What is expected: The listing below should be reproduced exactly, with the pictures omitted.

Data:
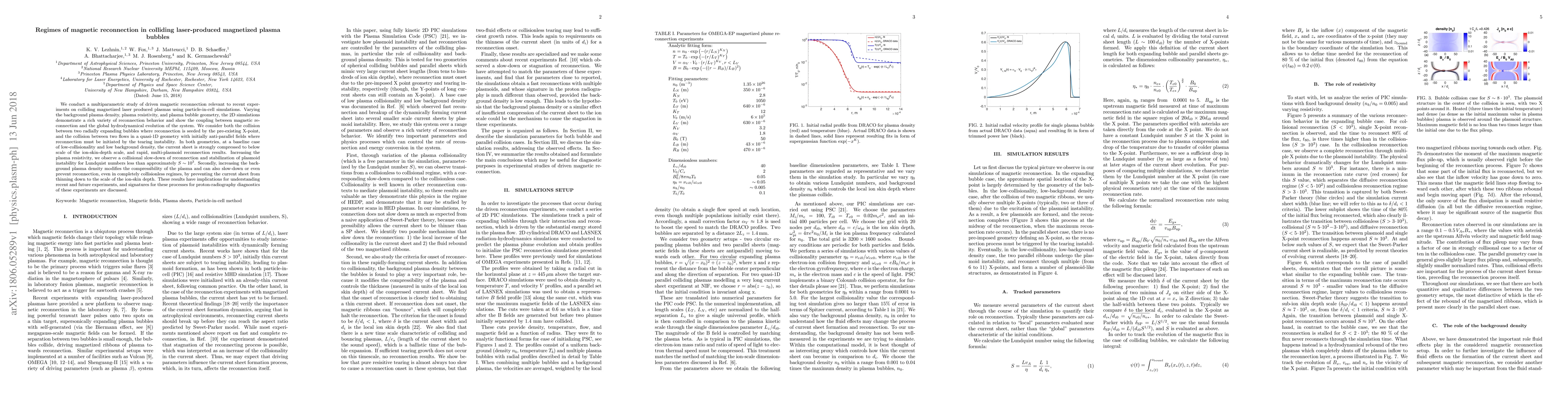This study uses particle-in-cell simulations to explore magnetic reconnection in colliding laser-produced magnetized plasma bubbles, revealing diverse reconnection behaviors influenced by plasma density, resistivity, and geometry. The research highlights the interplay between magnetic reconnection and hydrodynamic evolution, with implications for interpreting experimental results and diagnostics.
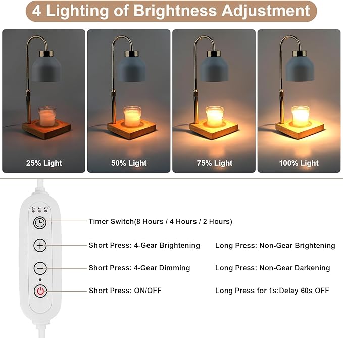 4 níveis de brilho para controlar a velocidade de derretimento e a intensidade da fragrância.
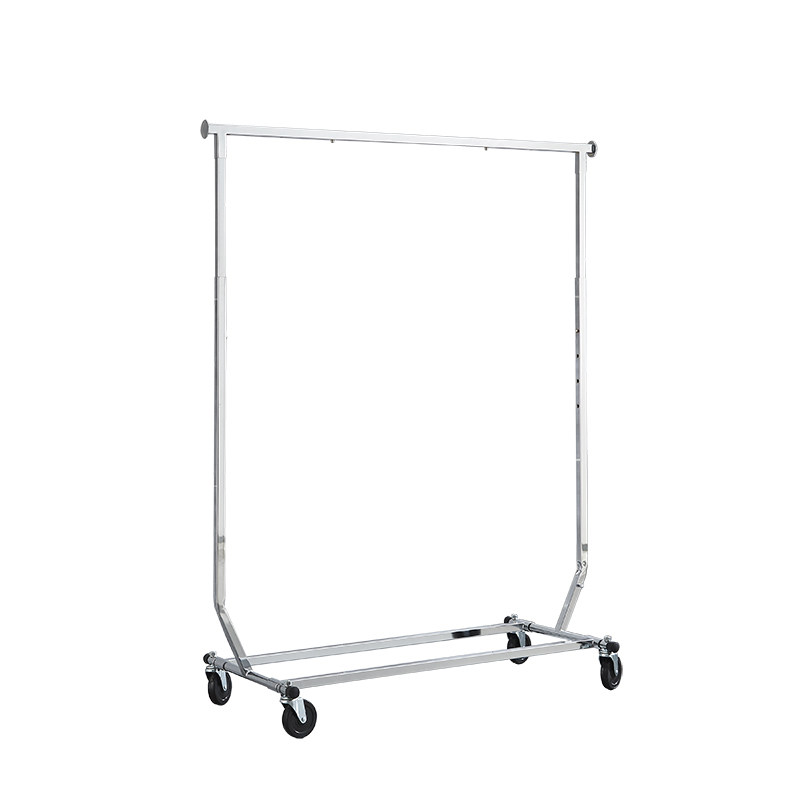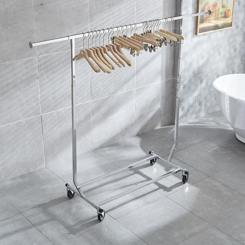 Clothing Store Hanger Racks Stainless Steel Square Pipe Single Bar With Wheels Folding Movement Hanging Hanger Exhibition Sales crew
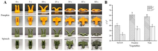In the process of microwave heating, the difference in materials directly affect the microwave heating efficiency, which can be essentially determined by the dielectric property of the food materials. The dielectric property is the response of bound charges in the molecules to the applied electromagnetic field [45]. The dielectric properties ε′ and ε″ determined the interactions between the electromagnetic field and the materials, representing the capacity of the materials to store electromagnetic energy and convert it into thermal energy, respectively [16]. The dielectric properties of the three vegetable gels are shown in Figure 6B. The ε′ values, from high to low, were arranged in the following order: pumpkin gel (61.33) > yam gel (57.67) > spinach gel (40.33). The ε″ values, from high to low, were in the order of yam gel (38.33) > pumpkin gel (33.67) > spinach gel (22.67). The differences in the dielectric properties of the materials were mainly related to the type of materials and their material characteristics (bulk density, water content, etc.) [45]. As a kind of polar molecule, water molecules moved under the action of the microwaves and produced a friction effect, which increased the internal energy of the materials and achieved the effect of rapid heating [14]. The ε″ indicates the capacity of the food material to absorb microwaves, and the greater the ε″ value, the faster the heating rate [35]. Compared with spinach gel, the yam and pumpkin gels exhibited stronger dielectric properties and higher microwave absorption properties, corresponding to higher microwave heating efficiency and 4D change efficiency. The results demonstrated that the deformed efficiency of the 4D-printed samples under microwave induction can be predicted by studying the dielectric properties of the materials.

Response area:
This study uses particle-in-cell simulations to explore magnetic reconnection in colliding laser-produced magnetized plasma bubbles, revealing diverse reconnection behaviors influenced by plasma density, resistivity, and geometry. The research highlights the interplay between magnetic reconnection and hydrodynamic evolution, with implications for interpreting experimental results and diagnostics.
 4 níveis de brilho para controlar a velocidade de derretimento e a intensidade da fragrância.
 Clothing Store Hanger Racks Stainless Steel Square Pipe Single Bar With Wheels Folding Movement Hanging Hanger Exhibition Sales crew
In the process of microwave heating, the difference in materials directly affect the microwave heating efficiency, which can be essentially determined by the dielectric property of the food materials. The dielectric property is the response of bound charges in the molecules to the applied electromagnetic field [45]. The dielectric properties ε′ and ε″ determined the interactions between the electromagnetic field and the materials, representing the capacity of the materials to store electromagnetic energy and convert it into thermal energy, respectively [16]. The dielectric properties of the three vegetable gels are shown in Figure 6B. The ε′ values, from high to low, were arranged in the following order: pumpkin gel (61.33) > yam gel (57.67) > spinach gel (40.33). The ε″ values, from high to low, were in the order of yam gel (38.33) > pumpkin gel (33.67) > spinach gel (22.67). The differences in the dielectric properties of the materials were mainly related to the type of materials and their material characteristics (bulk density, water content, etc.) [45]. As a kind of polar molecule, water molecules moved under the action of the microwaves and produced a friction effect, which increased the internal energy of the materials and achieved the effect of rapid heating [14]. The ε″ indicates the capacity of the food material to absorb microwaves, and the greater the ε″ value, the faster the heating rate [35]. Compared with spinach gel, the yam and pumpkin gels exhibited stronger dielectric properties and higher microwave absorption properties, corresponding to higher microwave heating efficiency and 4D change efficiency. The results demonstrated that the deformed efficiency of the 4D-printed samples under microwave induction can be predicted by studying the dielectric properties of the materials.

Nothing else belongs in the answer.